# ENTRIES SHOWN
--- START ---

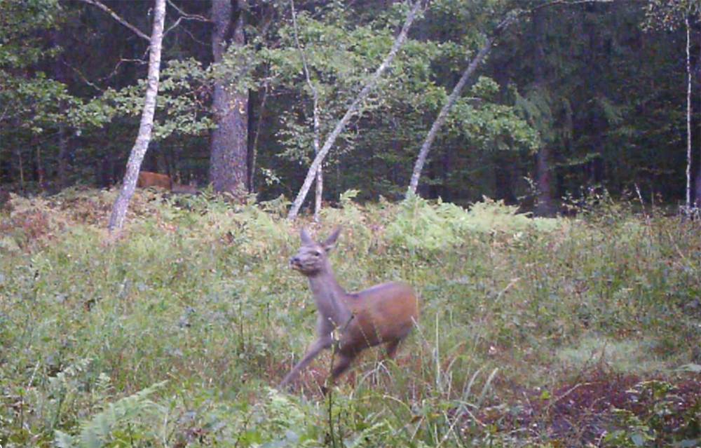 Nie było też żadnych powodów do niepokoju - ucieczka okazała się niezbyt daleka. Uważne oczy obserwatorów dostrzegą żerujące stado w cieniu drzew, tuż na skraju lasu. W tanecznych pląsach łania właśnie dołączyła do swoich towarzyszek.
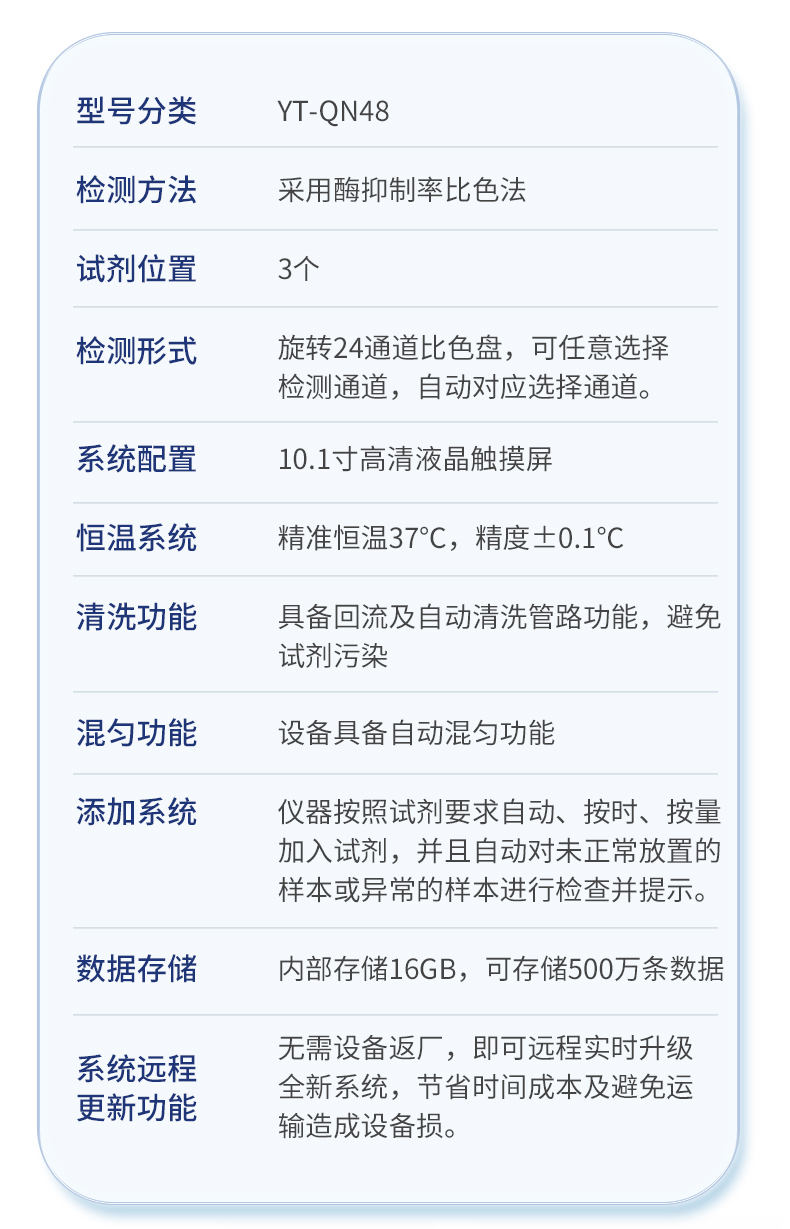 1. 試劑位置:3個(gè)2. 檢測(cè)形式:旋轉(zhuǎn)48通道比色盤,可任意選擇檢測(cè)通道,自動(dòng)對(duì)應(yīng)選擇通道。3. 系統(tǒng)配置:10.1寸高清液晶觸摸屏,采用ARM Cortex-A7,RK3288/4核處理器,運(yùn)行內(nèi)存1GB。Android7.1.1 系統(tǒng)分辨率1280×800。4.恒溫系統(tǒng):具有自動(dòng)加溫溫控系統(tǒng),精準(zhǔn)恒溫37℃,精度±0.1℃。5.添加系統(tǒng):儀器按照試劑要求自動(dòng)、按時(shí)、按量加入試劑,并且自動(dòng)對(duì)未正常放置的樣本或異常的樣本進(jìn)行檢查并提示。 6.清洗功能:儀器具備回流及自動(dòng)清洗管路功能,避免試劑污染。7.混勻功能:設(shè)備具備自動(dòng)混勻功能。8.光源校準(zhǔn):設(shè)備可自動(dòng)校準(zhǔn),確保檢測(cè)準(zhǔn)確度。9.實(shí)時(shí)監(jiān)控:儀器測(cè)試過程中屏幕顯示運(yùn)行狀態(tài),可實(shí)時(shí)查看。10.數(shù)據(jù)存儲(chǔ):內(nèi)部存儲(chǔ)16GB,可存儲(chǔ)500萬條數(shù)據(jù)。11.樣品多選功能:設(shè)備具備樣品一鍵多選功能,選擇樣品自動(dòng)匹配檢測(cè)通道。12.項(xiàng)目預(yù)設(shè):可提前設(shè)置單個(gè)及多個(gè)相同或不相同的檢測(cè)任務(wù),可單次或者多次調(diào)取,減少檢測(cè)時(shí)間。13.自定義打印系統(tǒng):內(nèi)置自定義打印系統(tǒng),可按需靈活設(shè)置開啟或關(guān)閉:產(chǎn)品合格證(國(guó)家農(nóng)業(yè)部標(biāo)準(zhǔn)),二維碼,抽樣信息、檢測(cè)信息,受檢信息等信息的打印。14.A4版本報(bào)告打印功能:設(shè)備可自動(dòng)生成A4版報(bào)告,A4報(bào)告帶二維碼,可掃描二維碼生成電子版,并可識(shí)別真?zhèn)巍?/td>15.傳輸方式:儀器配備無線通信模塊: 4G(APN)通訊模塊、Wifi模塊,藍(lán)牙傳輸模塊,同時(shí)具有USB接口以及RJ45接口能以多種方式實(shí)現(xiàn)數(shù)據(jù)保存和數(shù)據(jù)傳輸功能,設(shè)備數(shù)據(jù)可以同步上傳至平臺(tái)。16.數(shù)據(jù)監(jiān)管系統(tǒng):設(shè)備自帶監(jiān)管平臺(tái),并可同步對(duì)接監(jiān)管平臺(tái),數(shù)據(jù)可局域網(wǎng)和互聯(lián)網(wǎng)數(shù)據(jù)上傳,檢測(cè)結(jié)果可直接傳至食品安全監(jiān)管平臺(tái)。達(dá)到食品安全問題預(yù)估、預(yù)警。17.系統(tǒng)遠(yuǎn)程更新功能:無需設(shè)備返廠,即可遠(yuǎn)程實(shí)時(shí)升級(jí)全新系統(tǒng),節(jié)省時(shí)間成本及避免運(yùn)輸造成設(shè)備損。
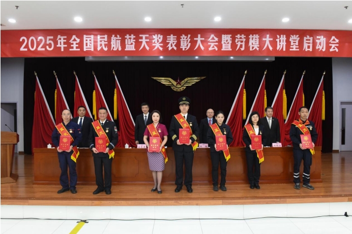 經(jīng)黨和國家功勛榮譽(yù)表彰工作委員會辦公室同意,2025年“五一”前夕,民航局開展藍(lán)天獎狀、藍(lán)天獎?wù)略u選表彰。會議宣讀了民航局表彰決定并進(jìn)行頒獎,授予國航西南分公司等27個單位、國航飛行總隊(duì)第四飛行大隊(duì)一中隊(duì)晨風(fēng)班組等48個班組藍(lán)天獎狀榮譽(yù)稱號,張鳳麟等75名同志藍(lán)天獎?wù)聵s譽(yù)稱號。藍(lán)天獎?wù)芦@得者、國航飛行總隊(duì)三大隊(duì)一中隊(duì)中隊(duì)長王雨寒宣讀了倡議書。
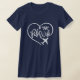 Las palabras blancas del guión "Una Esposa Piloto" dentro de un corazón blanco, inclinado, con la silueta de un avión siguiendo el flujo del corazón en una camiseta de la marina.
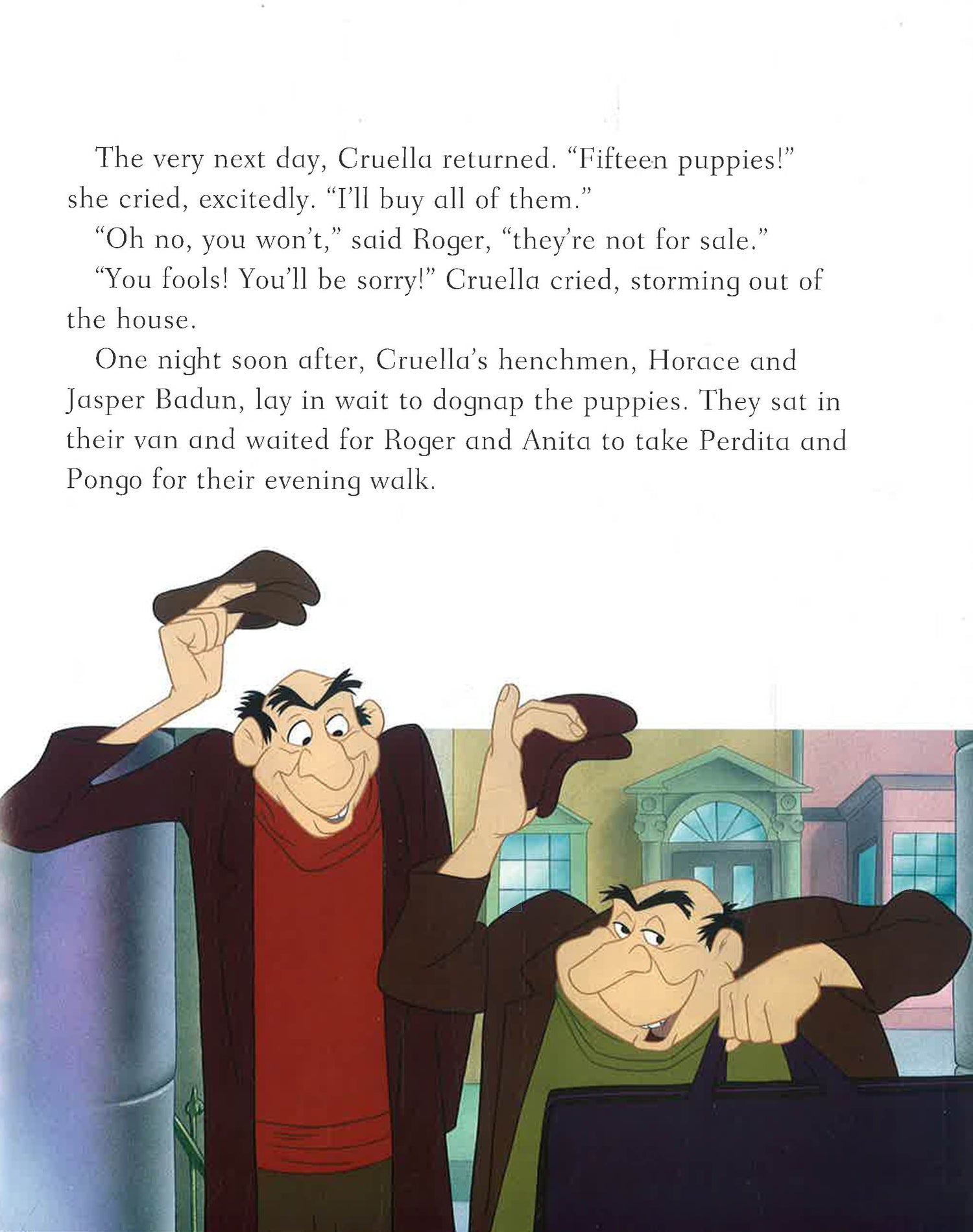 Pongo and Perdita are very proud parents to fifteen puppies. However, when Cruella De Vil steals the puppies to make them into a fur coat, they must leap into action! Will Pongo and Perdita find their kidnapped puppies before its too late? Enjoy a classic Disney experience with this magical storybook.

--- END ---

# WHAT THIS TASK INVOLVES
With the pictures removed from your copy, retype the lines above from the one that contains "經(jīng)黨和國家功勛榮" through the one that contains "Las palabras blancas", exactly.

# SOLUTION BELOW
 經(jīng)黨和國家功勛榮譽(yù)表彰工作委員會辦公室同意,2025年“五一”前夕,民航局開展藍(lán)天獎狀、藍(lán)天獎?wù)略u選表彰。會議宣讀了民航局表彰決定并進(jìn)行頒獎,授予國航西南分公司等27個單位、國航飛行總隊(duì)第四飛行大隊(duì)一中隊(duì)晨風(fēng)班組等48個班組藍(lán)天獎狀榮譽(yù)稱號,張鳳麟等75名同志藍(lán)天獎?wù)聵s譽(yù)稱號。藍(lán)天獎?wù)芦@得者、國航飛行總隊(duì)三大隊(duì)一中隊(duì)中隊(duì)長王雨寒宣讀了倡議書。
 Las palabras blancas del guión "Una Esposa Piloto" dentro de un corazón blanco, inclinado, con la silueta de un avión siguiendo el flujo del corazón en una camiseta de la marina.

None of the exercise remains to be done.